A pro-war mural showing soldiers with weapons is seen on Sept. 22, 2022, in Moscow, Russia.
Russia's mobilization measures and impending annexation referendums in Ukraine will significantly aid Moscow's ability to continue the war into next year, but they are unlikely to greatly reduce Western military support for Ukraine, and will come at the cost of greater international isolation and domestic instability. On Sept. 20, the leaders of the four self-proclaimed pro-Russian occupation authorities in Ukraine's Luhansk, Donetsk, Zaporizhzhia and Kherson regions declared their intention to conduct ''referendums'' on their regions joining the Russian Federation from Sept. 23-27. On the same day, lawmakers in Russia's State Duma approved adjustments to the criminal code stipulating harsher penalties for failing to report for military duty, surrendering or refusing to fight. Then on Sept. 21, Russian President Vladimir Putin said Russia supported the referendums and announced he had signed a decree authorizing a partial mobilization of the Russian armed forces, a measure he said was necessary to ''defend Russia's people, sovereignty and territorial integrity.'' Russian Defense Minister Sergey Shoigu has since said the initial mobilization would call up 300,000 reservists with previous military experience.

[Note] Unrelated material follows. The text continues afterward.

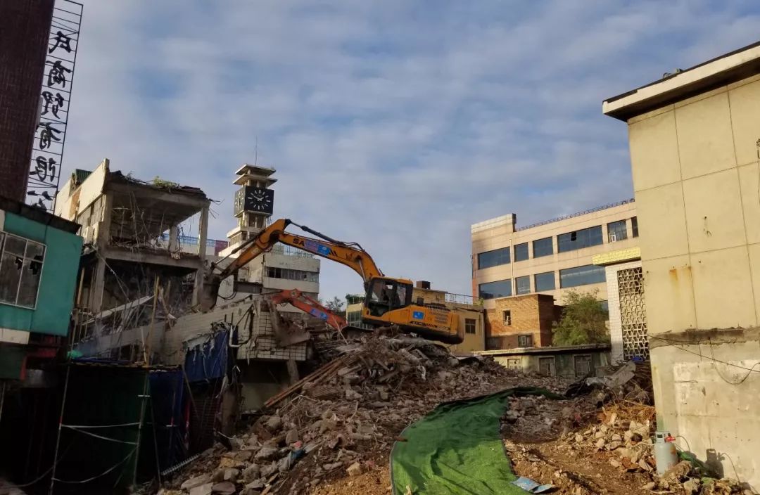 ? ? 8月11日下午5時,渤海大廈南側樓順利完成拆除作業。此次作業,樓與樓之間間隙小,施工作業面窄、作業難度大,海江集團經多方論證,采用最新智能液壓剪配合新工藝載荷式移位定向放倒,順利解決了所面臨的難題。

- Putin's decree is deliberately vague. Its paragraph about the numbers of mobilized and mobilizing forces is redacted, and grants the Kremlin broad authority to expand and tailor the mobilization to Russia's needs — with or without directly notifying the Russian public. Russia's defense ministry will be responsible for creating specific mobilization quotas for each region of Russia that local authorities will be responsible for meeting. The changes to Russia's criminal code work in tandem with the mobilization, as those who signed three-to-six month contracts over the spring and summer will now find their terms of service extended indefinitely, risking years in prison should they attempt to leave military service.
- Russia's conscripts remain legally barred from participating in combat roles, despite widespread evidence they did so in the war's opening phase. Conscripts who should be demobilized in the fall of 2022 for completing their one-year of mandatory service could easily be forced directly into continued army service, as they fall under all three of the primary categories for the mobilization, meeting the criteria of being under 35 years old, having experience in a military specialty, and being already trained.

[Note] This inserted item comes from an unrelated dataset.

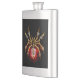 Araña mecánica, de vapor punk con oro, engranajes de latón y una lámpara de vidrio roja sobre un fondo negro. Estilo Steampunk.

Recent setbacks on the battlefield in Ukraine, combined with growing signals from Russia's international partners to end the war, likely drove Moscow's decision to conduct mobilization. Russia's need to declare a partial mobilization to continue the war was clear as early as May. However, the Kremlin had postponed the decision in hopes that it could successfully ''liberate'' the Donbas region — the primary stated goal of Moscow's so-called ''special military operation'' — without having to resort to such a measure. While Russian reports citing Kremlin sources in June, July and August suggested the Kremlin intended to conduct annexation referendums on Ukrainian territories in mid-September, reports from early September suggested the Kremlin decided to delay the referendums until November or December in hopes of capturing more of the Donbas by then. But the Kremlin's plan changed suddenly after Ukraine's successful counterattack in the Kharkiv region in the first week of September made it clear to leaders in Moscow that Russian forces were not only highly unlikely to seize significantly more territory in the Donbas by the end of the year, but were also at risk of losing ground they had already taken there. Furthermore, reporting suggests that during the Sept.15-16 Shanghai Cooperation Organization summit in Uzbekistan, several of the leaders signaled to Putin that they wanted the war to end as soon as possible because of the detrimental effect it was having on their own economies and global markets. Having received such a negative response from the foreign partners most critical to Russia's near- and long-term economic survival, Putin likely felt additional pressure to attempt to accelerate ending the war by ''escalating to de-escalate'' with referendums, mobilization and nuclear threats. Moscow likely also hopes this would help it more convincingly both frame the war as a defensive one and blame the West for its continuation on the international stage.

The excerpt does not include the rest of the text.